WORK REQUIRED: Please write out only the lines from the line with "जीएसटी सुधारों से" to the line with "This mourning badge", inclusive, exactly as they stand below, without the pictures.

DATA TO USE:
+++

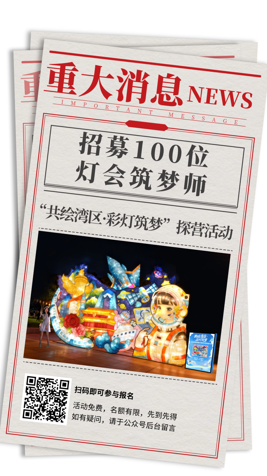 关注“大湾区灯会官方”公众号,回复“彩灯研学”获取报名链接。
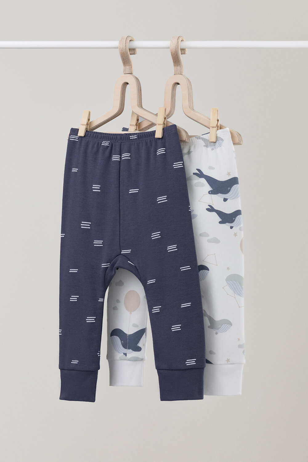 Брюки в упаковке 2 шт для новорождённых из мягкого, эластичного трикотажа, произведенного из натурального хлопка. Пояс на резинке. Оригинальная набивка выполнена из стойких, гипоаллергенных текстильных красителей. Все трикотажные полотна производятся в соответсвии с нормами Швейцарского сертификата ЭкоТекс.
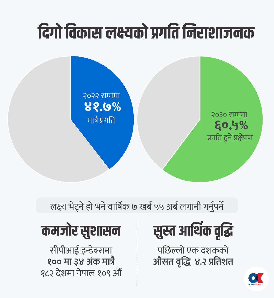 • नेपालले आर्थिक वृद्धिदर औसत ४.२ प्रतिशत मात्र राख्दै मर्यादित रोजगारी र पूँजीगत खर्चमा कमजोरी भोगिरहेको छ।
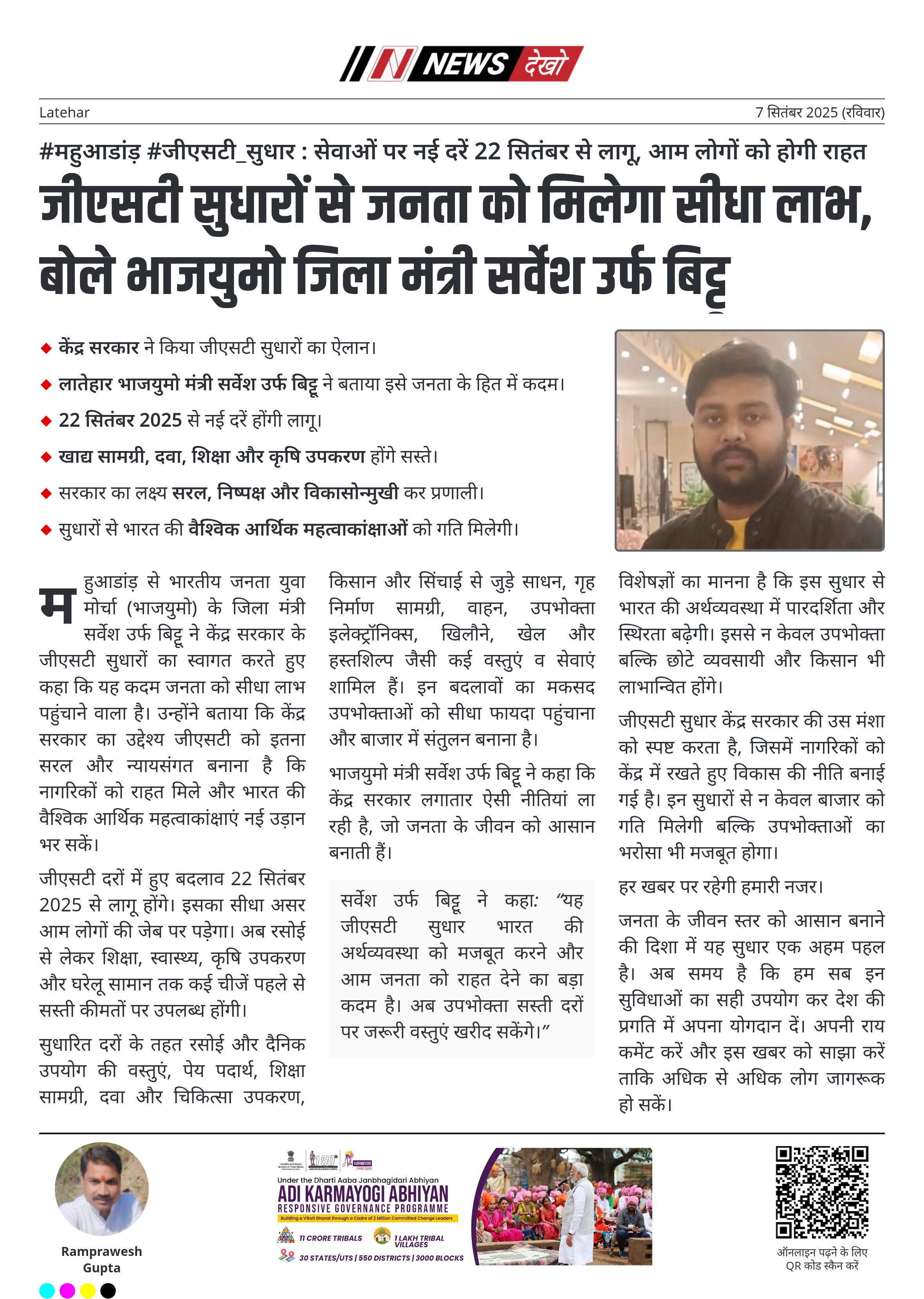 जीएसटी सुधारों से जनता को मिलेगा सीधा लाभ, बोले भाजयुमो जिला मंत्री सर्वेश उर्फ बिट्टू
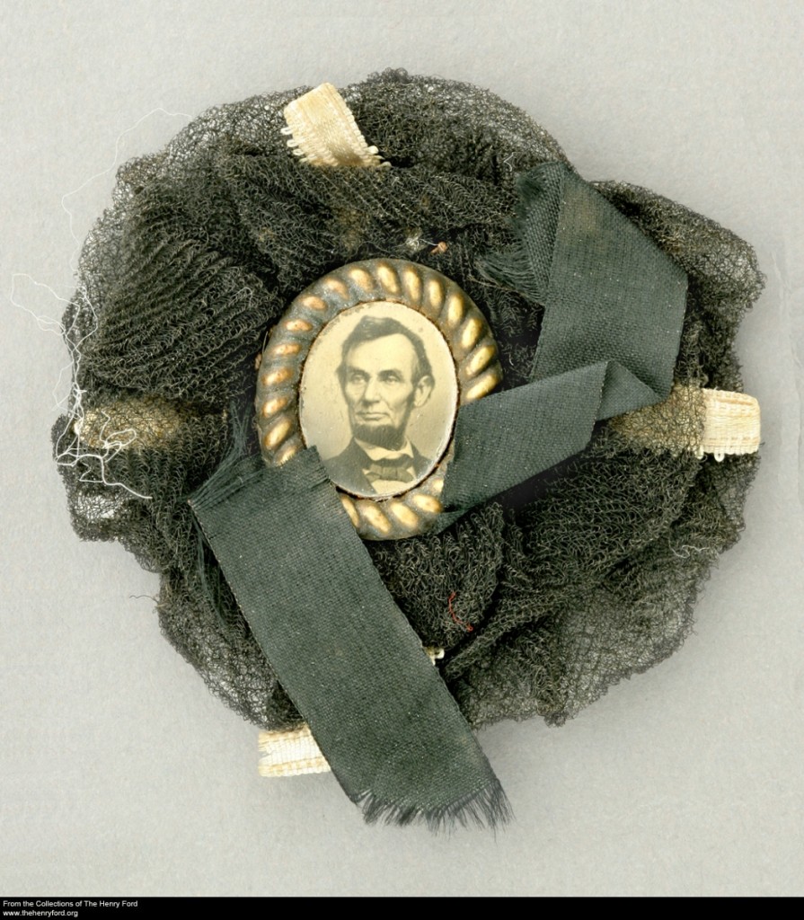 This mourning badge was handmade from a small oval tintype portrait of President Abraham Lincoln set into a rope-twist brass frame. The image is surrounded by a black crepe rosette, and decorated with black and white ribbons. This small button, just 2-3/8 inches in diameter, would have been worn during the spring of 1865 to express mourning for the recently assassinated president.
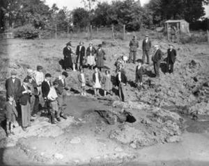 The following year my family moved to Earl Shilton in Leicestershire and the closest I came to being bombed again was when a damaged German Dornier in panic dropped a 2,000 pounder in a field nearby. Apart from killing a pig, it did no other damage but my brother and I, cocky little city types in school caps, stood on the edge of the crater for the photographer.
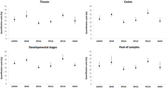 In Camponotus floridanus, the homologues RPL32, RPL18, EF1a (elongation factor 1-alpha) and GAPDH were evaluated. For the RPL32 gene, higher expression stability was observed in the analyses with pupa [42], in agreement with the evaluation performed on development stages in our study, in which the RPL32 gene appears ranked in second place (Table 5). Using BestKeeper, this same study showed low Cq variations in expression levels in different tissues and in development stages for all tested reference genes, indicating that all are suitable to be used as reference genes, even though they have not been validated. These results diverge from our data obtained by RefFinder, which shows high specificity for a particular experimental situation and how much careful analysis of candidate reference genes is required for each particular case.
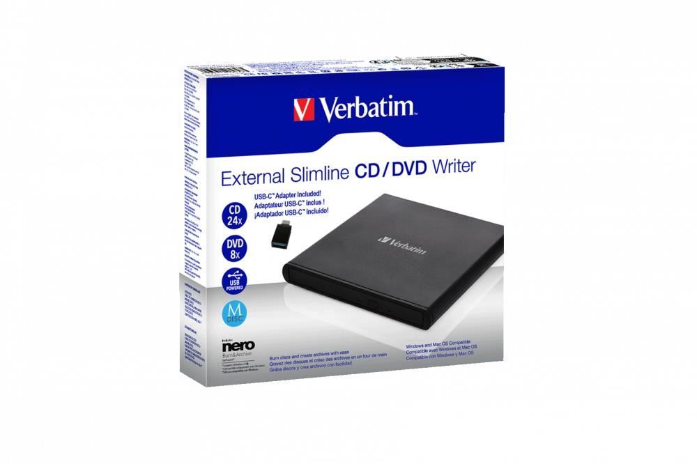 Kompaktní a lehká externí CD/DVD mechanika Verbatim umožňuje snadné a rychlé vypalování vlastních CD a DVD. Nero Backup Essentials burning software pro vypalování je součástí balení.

+++

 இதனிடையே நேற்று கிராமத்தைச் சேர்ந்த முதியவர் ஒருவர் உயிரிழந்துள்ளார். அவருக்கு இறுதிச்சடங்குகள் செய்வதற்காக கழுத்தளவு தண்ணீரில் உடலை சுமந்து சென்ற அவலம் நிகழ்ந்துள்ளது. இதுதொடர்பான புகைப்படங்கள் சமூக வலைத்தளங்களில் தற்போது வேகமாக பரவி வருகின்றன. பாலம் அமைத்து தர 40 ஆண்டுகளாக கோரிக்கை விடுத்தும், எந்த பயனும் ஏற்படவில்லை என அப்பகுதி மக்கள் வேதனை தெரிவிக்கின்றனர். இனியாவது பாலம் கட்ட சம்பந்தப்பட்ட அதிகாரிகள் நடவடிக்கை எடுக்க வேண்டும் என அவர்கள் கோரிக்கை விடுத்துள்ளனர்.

+++

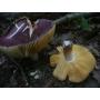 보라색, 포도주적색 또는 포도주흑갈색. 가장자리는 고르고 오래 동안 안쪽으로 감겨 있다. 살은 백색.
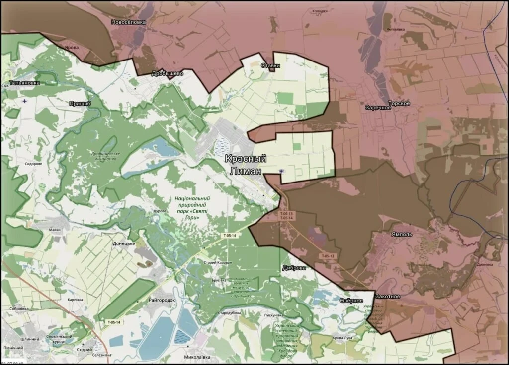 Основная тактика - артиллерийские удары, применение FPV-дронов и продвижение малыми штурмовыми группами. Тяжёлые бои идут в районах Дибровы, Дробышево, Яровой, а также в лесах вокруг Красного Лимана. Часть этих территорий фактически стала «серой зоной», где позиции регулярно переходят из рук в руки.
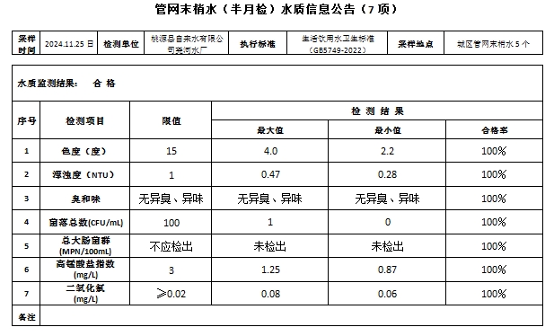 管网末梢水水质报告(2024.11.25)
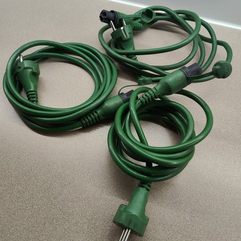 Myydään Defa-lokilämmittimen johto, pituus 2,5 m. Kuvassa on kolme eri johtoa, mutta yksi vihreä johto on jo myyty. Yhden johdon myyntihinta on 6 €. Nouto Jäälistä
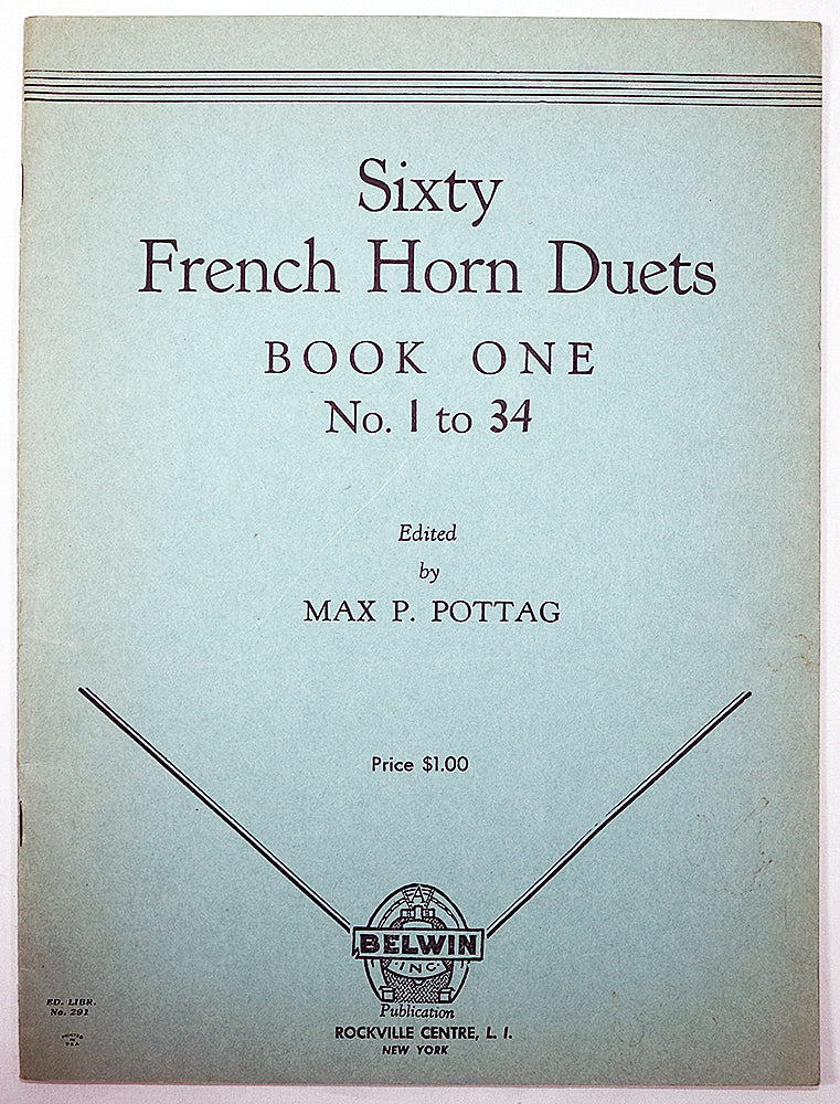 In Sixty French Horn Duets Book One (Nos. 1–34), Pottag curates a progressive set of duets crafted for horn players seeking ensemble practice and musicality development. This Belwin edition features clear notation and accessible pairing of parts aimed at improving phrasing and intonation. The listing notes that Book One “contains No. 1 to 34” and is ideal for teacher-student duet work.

+++

RESPONSE TO THE EXERCISE:
 जीएसटी सुधारों से जनता को मिलेगा सीधा लाभ, बोले भाजयुमो जिला मंत्री सर्वेश उर्फ बिट्टू
 This mourning badge was handmade from a small oval tintype portrait of President Abraham Lincoln set into a rope-twist brass frame. The image is surrounded by a black crepe rosette, and decorated with black and white ribbons. This small button, just 2-3/8 inches in diameter, would have been worn during the spring of 1865 to express mourning for the recently assassinated president.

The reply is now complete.